In Val Susa abbiamo incontrato Luca Abbà che a Cels ci ha fatto vedere i suoi campi di ortaggi, i cavalli al pascolo e il suo primo esperimento di coltivazione della canapa; superata Tortona ci siamo fermati a Valli Unite, storica cooperativa agricola che esiste da più di trentanni, in cui lavorano una trentina di persone tra vigna, cantina, stalle, campi, arnie, forno a legna, ma anche ospitalità, e ristorazione; nei dintorni di Biella ci ha accolto il Monastero di Bose, fondato da Enzo Bianchi negli anni ’60, dove tra le diverse attività svolte dai monaci al suo interno c’è anche una realtà agricola che Vincenzo Lapenta, monaco capo-ortolano, ci ha fatto visitare spiegandoci come lì da loro la coltura della terra si lega alla vita monacale.
Ripartiti dal monastero, procedendo alla volta di Ivrea, è a Lessolo che abbiamo conosciuto Nicola Savio e Noemi Zago, una giovane coppia che partita da Torino si ritrova oggi in cammino sulla “via del nuovo contadino”!
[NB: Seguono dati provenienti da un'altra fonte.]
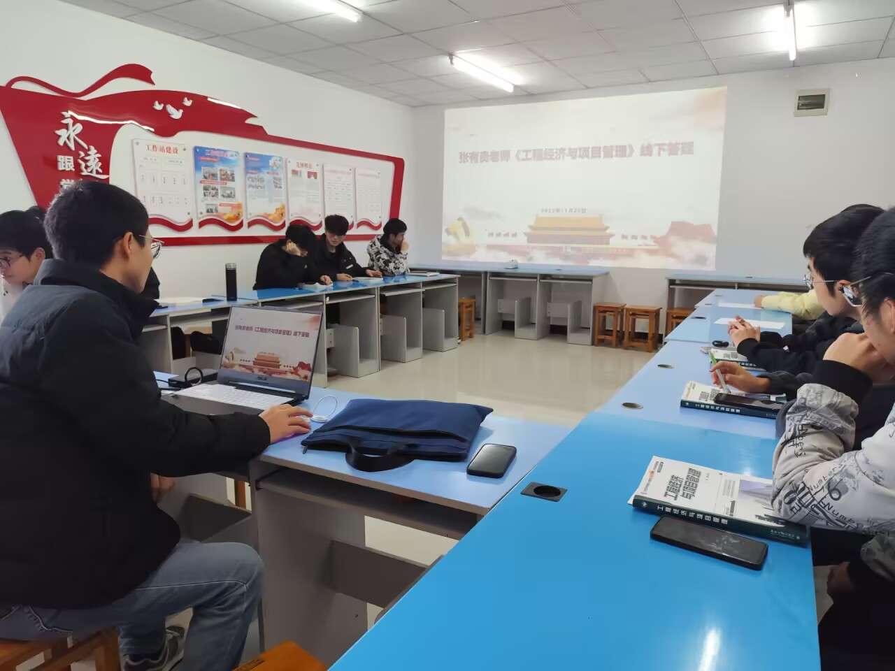 2025年11月27日下午4点,44118太阳成tyc城集团“专业老师‘寓’你说”——导师小灶第20期活动在“一站式”学生社区党员活动室顺利开展。本次活动聚焦《工程经济与项目管理》课程,特邀课程主讲教师张有贵老师进行分享,2023级辅导员刘艳玲老师与近20名学生共同参与。活动由刘艳玲老师主持。

Appena arrivati ci ritroviamo in un mondo apparentemente selvatico ma, al tempo stesso, ben ordinato: un misto di vegetazione ricca e abbondante, animali che scorazzano, piante di ogni tipo. Il biologico di Noemi e Nicola non si limita alla lotta integrata o all’assenza di chimica ma fa sì che lo spazio che si è ritagliato comunichi armoniosamente con l’ambiente che lo circonda. Iniziano subito a farci vedere la loro fattoria specificando che “Il principio è quello di “incasinare” la biodiversità del sistema in modo che se qualche cosa fallisce, qualcos’altro riesce a tamponare la carenza del momento.”
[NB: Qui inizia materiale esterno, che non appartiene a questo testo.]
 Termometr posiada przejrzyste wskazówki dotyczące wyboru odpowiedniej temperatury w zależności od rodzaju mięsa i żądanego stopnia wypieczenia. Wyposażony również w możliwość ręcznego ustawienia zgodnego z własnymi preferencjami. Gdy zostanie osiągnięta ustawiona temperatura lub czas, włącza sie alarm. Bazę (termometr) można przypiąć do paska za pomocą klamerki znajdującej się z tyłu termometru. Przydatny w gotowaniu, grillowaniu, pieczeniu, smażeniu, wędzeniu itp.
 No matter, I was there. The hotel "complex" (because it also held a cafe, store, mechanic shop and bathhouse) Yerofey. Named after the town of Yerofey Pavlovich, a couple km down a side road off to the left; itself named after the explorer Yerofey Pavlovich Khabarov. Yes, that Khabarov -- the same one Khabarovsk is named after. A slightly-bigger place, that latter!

Una delle prime domande che gli facciamo è sul loro rapporto con la terra: “Noi facciamo tutta agricoltura naturale, quasi nessuna lavorazione del suolo se non una prima lavorazione quando partiamo dal sodo, dopodiché le prose diventano permanenti e le ripassiamo solo con una forca, giusto per arieggiarle al bisogno. Lavoriamo molto con le rotazioni perché lavorare con le consociazioni sarebbe troppo complesso nel nostro orto. Noi produciamo per la vendita: a consociare le singole piante diventeremmo matti, lavoriamo con le rotazioni, comprese le colture da copertura. Non lavorando il suolo non usiamo la tecnica tradizionale del sovescio, facciamo quello che in inglese si chiama “creepage”: si schiacciano le colture a terra e quelle rimangono come pacciamatura”.
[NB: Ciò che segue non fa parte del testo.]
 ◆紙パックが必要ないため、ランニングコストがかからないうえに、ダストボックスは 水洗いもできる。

Dedicarsi alla terra oggi in modo naturale non significa “tornare indietro”, fare un passo a ritroso nel tempo. Nicola si definisce un “agronerd”: nel suo parco attrezzi, accanto a zappa e rastrello, ci sono smartphone e social network. In questo senso, essere contadini vuol dire trovarsi al centro di un processo vivace rivolto al nuovo e di un’ampia rete di scambi di idee e informazioni che al tempo stesso affonda le sue radici in un’idea di percorso ben precisa.
“La decrescita e la devoluzione sono concetti che mi fanno imbestialire. Non è una questione di decrescere ma di trovare nuovi percorsi di evoluzione.”
“Ho un trabiccolo che mi trasforma la fotocamera del cellulare in un microscopio quindi io scatto una foto e la posto automaticamente in tutte le community alle quali sono collegato. Dopodiché metto via il cellulare e mi rimetto a passare il sarchietto a mano: è così, siamo contadini 2.0”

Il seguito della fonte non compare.